# Zufallsauswahl in Access



## qde (6. August 2006)

Hallo,
ich möchte einen Zufallswert einer bestimmten Zeile als SQL-Resultat erhalten. In MySQl habe ich das wie folgt realisiert:

SELECT name
FROM `MeineTabelle`
ORDER BY RAND( )
LIMIT 1 

Funktioniert super. Leider klappt es bei MS-Access-Datenbanken nicht. Mein Query sollte möglichst sowohl bei MySQL als auch bei MS-Access funktionieren. Fall es das nicht gibt, wäre ein MS-Access-Query, das das gleiche bewirkt auch noch in ordnung.

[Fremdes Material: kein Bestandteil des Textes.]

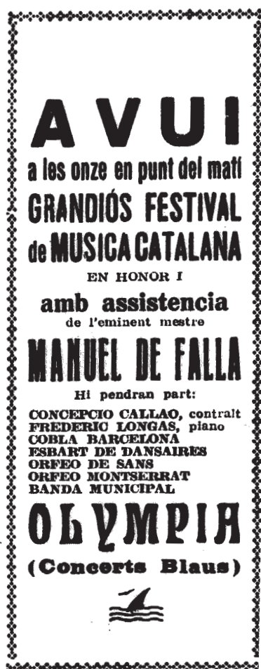
Cartell del Festival de Música Catalana en honor a Manuel de Falla, celebrat al 22 de març de 1927 al Teatre Olympia de Barcelona. En aquest concert, la Banda Municipal de Barcelona va interpretar la Glossa del Ball de Gegants de Solsona i també va estrenar les transcripcions per a banda realitzades per Joan Lamote de Grignon de tres obres de Falla: Nana , Jota i la Danza Ritual del Fuego (de El Amor Brujo ), composicions que va dirigir el mateix compositor.

Ich hoffe jemand weiss eine Lösung. Danke!

Gruß Felix

*edit*
Inzwischen habe ich herausgefunden, dass MS-Access "LIMIT" anscheinend nicht kennt. gibt es eine Alternative?
*edit2*
Die Alternative zu "LIMIT" lautet bei MS-Access TOP. Jetzt kennt Access nur RAND() nicht...


----------



## Luzie (6. August 2006)

Hallo

es gibt schon eine vergleichbare Funktion in Access

select top 1 feld from tabelle order by rnd(id)

Allerdings ist diese accessspezifisch und meines Wissens nicht über den ODBC-Treiber zu interpretieren.


----------



## qde (7. August 2006)

Hallo,
leider wird diese Anfrage über JDBC:ODBC gestellt. Darüber hinaus funktioniert dieses Query selbst bei meinem MS-Access 2000 nicht!
Fehlermeldung: "Datentypen in Kriterienausdruck unverträglich. "
Kann es sein, dass mein Zufallswertkein INT, sondern vom Typ TEXT ist. Allerdings wird mir der gesamte Tabelleninhalt übermittelt, wenn ich einen INT-Wert in rnd() einfüge.


----------



## Luzie (8. August 2006)

Hi

auch vom typ int funktioniert rnd() nur im Programm Access. 
Es gibt ja noch die Möglichkeit, dies im Script selbst zu lösen.


----------